Letting the kid fall down

If anybody has an excuse to be an overprotective mama, that would be me! It only took me six years’ worth of specialists with two in-vitro treatments, an emergency c-section and a two-week NICU stay to bring this kid home. My husband passed away, I was almost killed by a drunk driver after he t-boned my SUV missing my door by an inch, I’m 44 years old, can’t have babies anymore nor do I have anybody to make them with, and I haven’t found a bubble big enough for the kid on Amazon.


This kid comes from two people who grew up under completely different circumstances, but who were very strong-willed, independent, inquisitive, always going a mile further, always finding out by themselves what the fuss was really about.


Soon after I was born, I became gravely ill and it took a while for me to come out of the woods. Most of my childhood was spent in and out the doctor’s office with either asthma attacks or whole body eczema flare-ups. Eventually my parents found out I was deaf on my left ear, a result of the gentamycin antibiotics I received while being sick as a baby. As I grew up, I managed to get away from the asthma, eczema, and my protective parents.


The husband on the other hand, was quite a healthy kid who was going around San Francisco in a bus at the age of 7, who was climbing trees, delivered the paper on his bike, and was as much of a rascal as any boy could’ve been at his age. He spent his summers at his grandparents’ place, where he was a free kid raising chickens, fishing and playing ball with the rest of the kids.


The excitement and the joy I had were sky high when we found out the baby we were having was a boy! A boy who would do everything I never did as a kid and then some! Husband on the other hand, couldn’t understand why I didn’t want a baby girl, a little princess. Because I wanted a boy who would get in the mud and play rough and just enjoy life the way I didn’t!

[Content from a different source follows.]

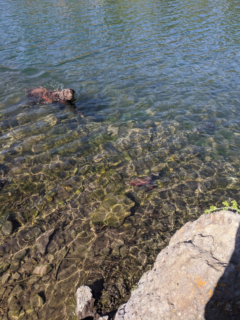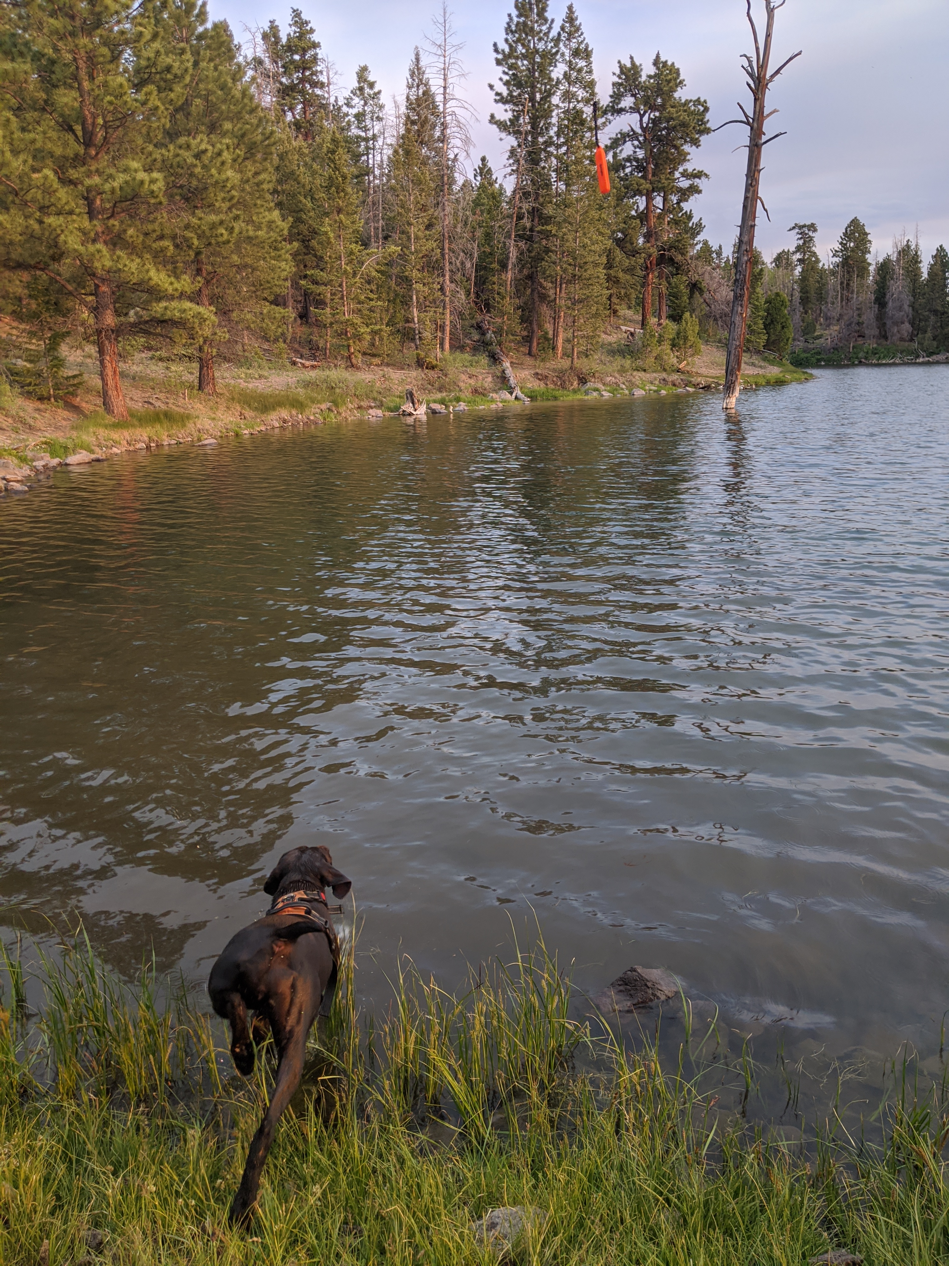 Fishing with our bird dog is an occasionally challenging endeavor. She wants to sniff every piece of ground and swim all day. On the other hand, we want to have a little stealth along the edge of the water that is lost when a bird dog decides to splash the whole shoreline. Fortunately there’s enough time in a day to both fish and let the dog get her yeah-yeahs out. Plus the midday fishing was some slow going so it was good to have a distraction. Up until the fish started rising that is, then her distraction wasn’t as welcome but you can’t have it all.

The baby was born and the baby became a kid. The kid found his voice and he found his will. Kid not only got our best traits, he also got both our brains, and I make sure he understands how well built he is. Not too long ago, I was fixing scrambled eggs for the kid when he asked why I kept telling him “you have great brains!” As I was cracking the egg I said “come and take a look at this egg, now imagine your dad is the white and I’m the yolk. You kid, are the scrambled egg, the best of us!”


Raising the kid by myself and all of it being my whole responsibility became my greatest challenge the night the husband passed away. Steering the kid in the right direction, finding the balance between giving him enough space and being there ready to catch him when he falls. Making sure he grows up to become a great man with character and integrity and not just some adult.

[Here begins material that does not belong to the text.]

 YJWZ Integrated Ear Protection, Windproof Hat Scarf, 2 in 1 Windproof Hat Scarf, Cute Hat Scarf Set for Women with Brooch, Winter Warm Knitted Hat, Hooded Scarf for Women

As a mom, I’ve had to find that sweet spot in which I can be a good mama that gives the kid space to try stuff by himself, but not an overbearing mama that won’t let the kid do anything. I found I can let him fall down and get a scratch after I told him not to climb the fence. Don’t get me wrong, it makes my heart skip more than a few beats, but he needs to learn that his choices have consequences.


His elementary school had a day for kids to dress up like a good guy. The kid wasn’t happy when I didn’t let him wear his Deadpool costume to school. He was wearing his Ninja Turtles shirt, but once he saw other kids wearing a firefighter outfit or a kid with a Captain America shield, he was devastated. I left school with my gut telling me I needed to do something. So I went to Walmart, found him a really nice Captain America shirt and a Captain America costume. I went back to school, gave him the choice of the shirt or the costume with a warning. I told him the shirt was the easiest because wearing the costume all day at both school and daycare would be a pain in the butt for him, but he insisted and begged to wear the costume. Fine.


Later that day I picked him up from daycare. The kid looked at me and said: “mom, wearing this costume all day was a very bad idea! I was hot and itchy and this tag was bothering me all day!” I just laughed deep inside. He had to realize by himself that what he chose to do was going to be a pain in the butt, and it was, and he did!


The kid has broken his teeth 3 times and he knocked one off right from his gums. The kid has slammed himself on the corner of a wall, gotten bruises, scratches and black eyes just like any kid. He has dug trenches in the dirt, killed my St Augustine grass, gone down the stairs by sliding off the handrail. He watches videos on YouTube for kids of guys skiing or doing tricks with their skateboards and he tells me with the biggest smile on his face: “mama, I want to do this!”


Yes, I’ve been praying for a long time, from even before this kid was even thought of. I pray God for wisdom and for His guidance to raise this child to be the best he can be. Sometimes I wish there was someone I could share this parenting with, but God wanted me to have this responsibility, and it’s really an honor to be granted with such a responsibility.


So I know I cannot protect him from everything and I cannot be there for him all the time, but I can do my best to tell him what could happen if he does or acts in this or that way. I can do my best to tell him what to expect out of something. I can do my best to help him be prepared for whatever situation he may run into. I can do my best to help him defend himself if anybody wants to cause him harm. I can do my best to tell him he can come to his mama if he needs anything. I can do my best to let him know I can be his rock and his mama bear if he ever needs me.


…and if he falls down and gets hurt, he can come to mama, I’ll do everything to make it better while telling him: “kid I love you but didn’t I tell you not to do that?!!”